--- EXERCISE BRIEF ---
Reproduce the entries below exactly, but only from the line containing "class도 똑같이 Equatable 프로토콜을 써주면 된다 :D" to the line containing "Lepelaars. Het is", inclusive.

--- RECORDS SUPPLIED ---
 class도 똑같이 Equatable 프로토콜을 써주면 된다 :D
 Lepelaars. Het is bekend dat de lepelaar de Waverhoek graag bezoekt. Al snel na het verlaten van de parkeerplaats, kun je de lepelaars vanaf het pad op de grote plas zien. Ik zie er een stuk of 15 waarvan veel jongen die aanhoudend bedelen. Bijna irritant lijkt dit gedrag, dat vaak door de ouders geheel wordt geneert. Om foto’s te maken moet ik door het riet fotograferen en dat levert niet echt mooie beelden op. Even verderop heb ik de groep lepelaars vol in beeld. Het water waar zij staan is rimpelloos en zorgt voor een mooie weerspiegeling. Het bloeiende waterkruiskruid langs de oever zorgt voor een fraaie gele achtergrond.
--
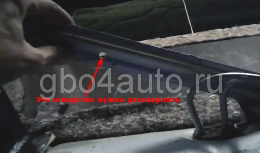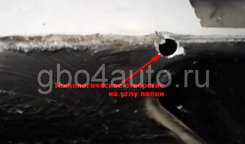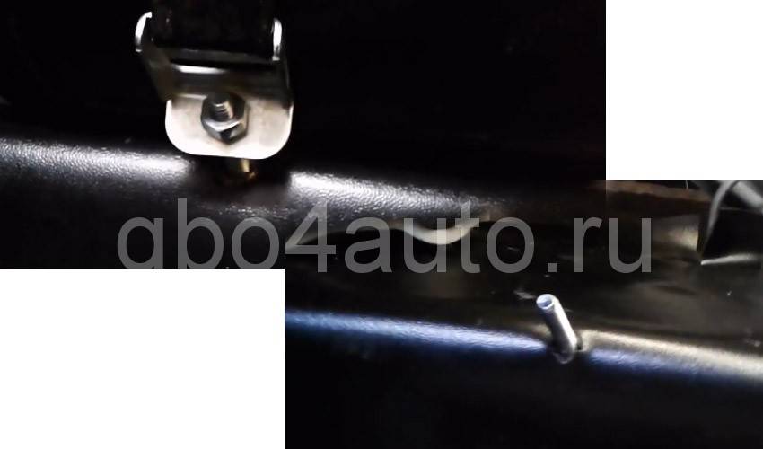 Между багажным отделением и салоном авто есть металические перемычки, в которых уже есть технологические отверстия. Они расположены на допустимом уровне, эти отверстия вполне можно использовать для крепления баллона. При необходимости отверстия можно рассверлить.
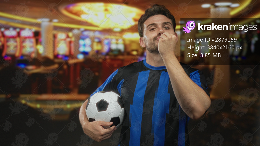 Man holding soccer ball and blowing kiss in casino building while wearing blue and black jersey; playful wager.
==
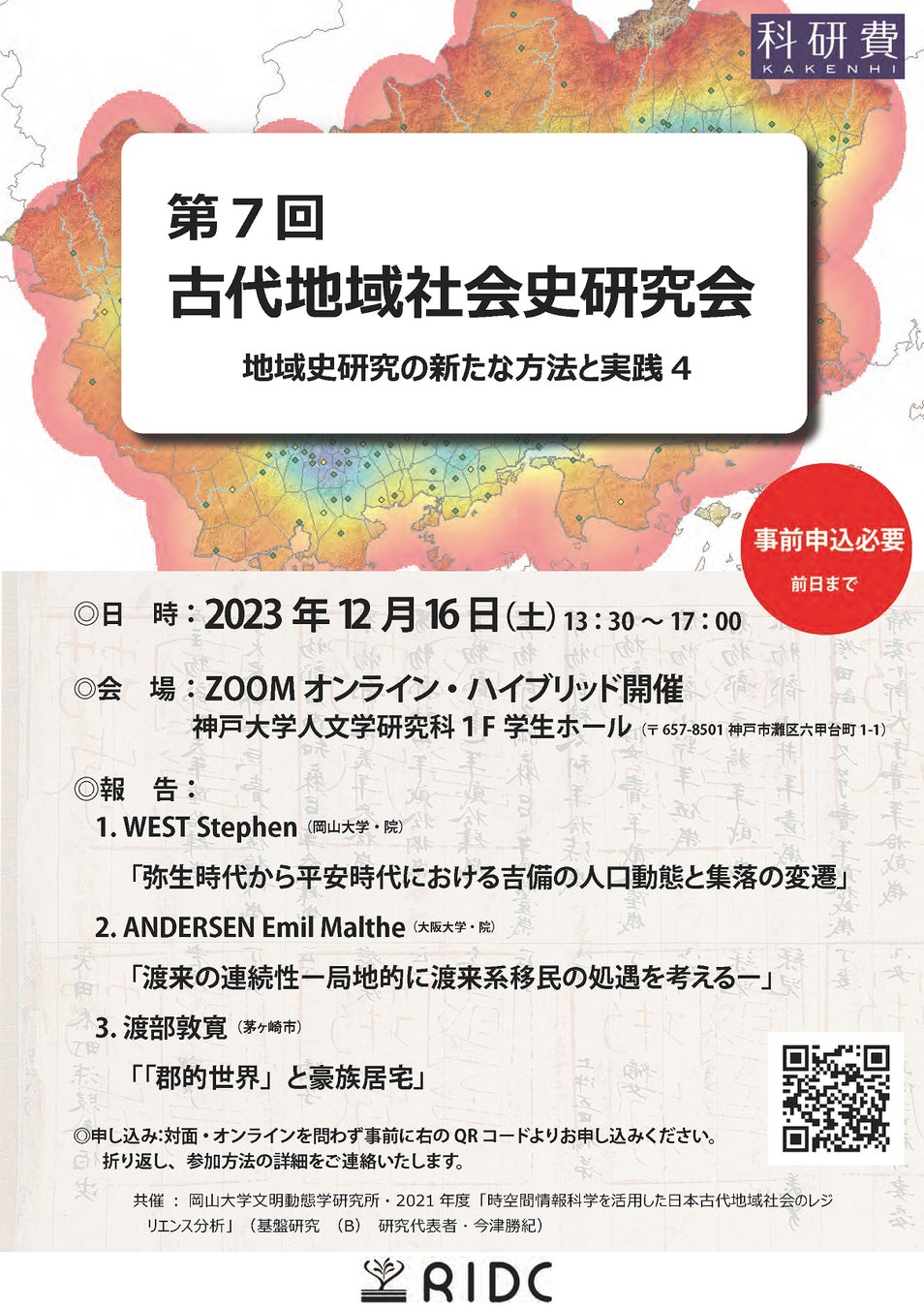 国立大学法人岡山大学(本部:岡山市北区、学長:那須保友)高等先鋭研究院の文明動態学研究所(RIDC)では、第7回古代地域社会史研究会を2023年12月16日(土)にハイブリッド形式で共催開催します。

--- SOLUTION ---
 class도 똑같이 Equatable 프로토콜을 써주면 된다 :D
 Lepelaars. Het is bekend dat de lepelaar de Waverhoek graag bezoekt. Al snel na het verlaten van de parkeerplaats, kun je de lepelaars vanaf het pad op de grote plas zien. Ik zie er een stuk of 15 waarvan veel jongen die aanhoudend bedelen. Bijna irritant lijkt dit gedrag, dat vaak door de ouders geheel wordt geneert. Om foto’s te maken moet ik door het riet fotograferen en dat levert niet echt mooie beelden op. Even verderop heb ik de groep lepelaars vol in beeld. Het water waar zij staan is rimpelloos en zorgt voor een mooie weerspiegeling. Het bloeiende waterkruiskruid langs de oever zorgt voor een fraaie gele achtergrond.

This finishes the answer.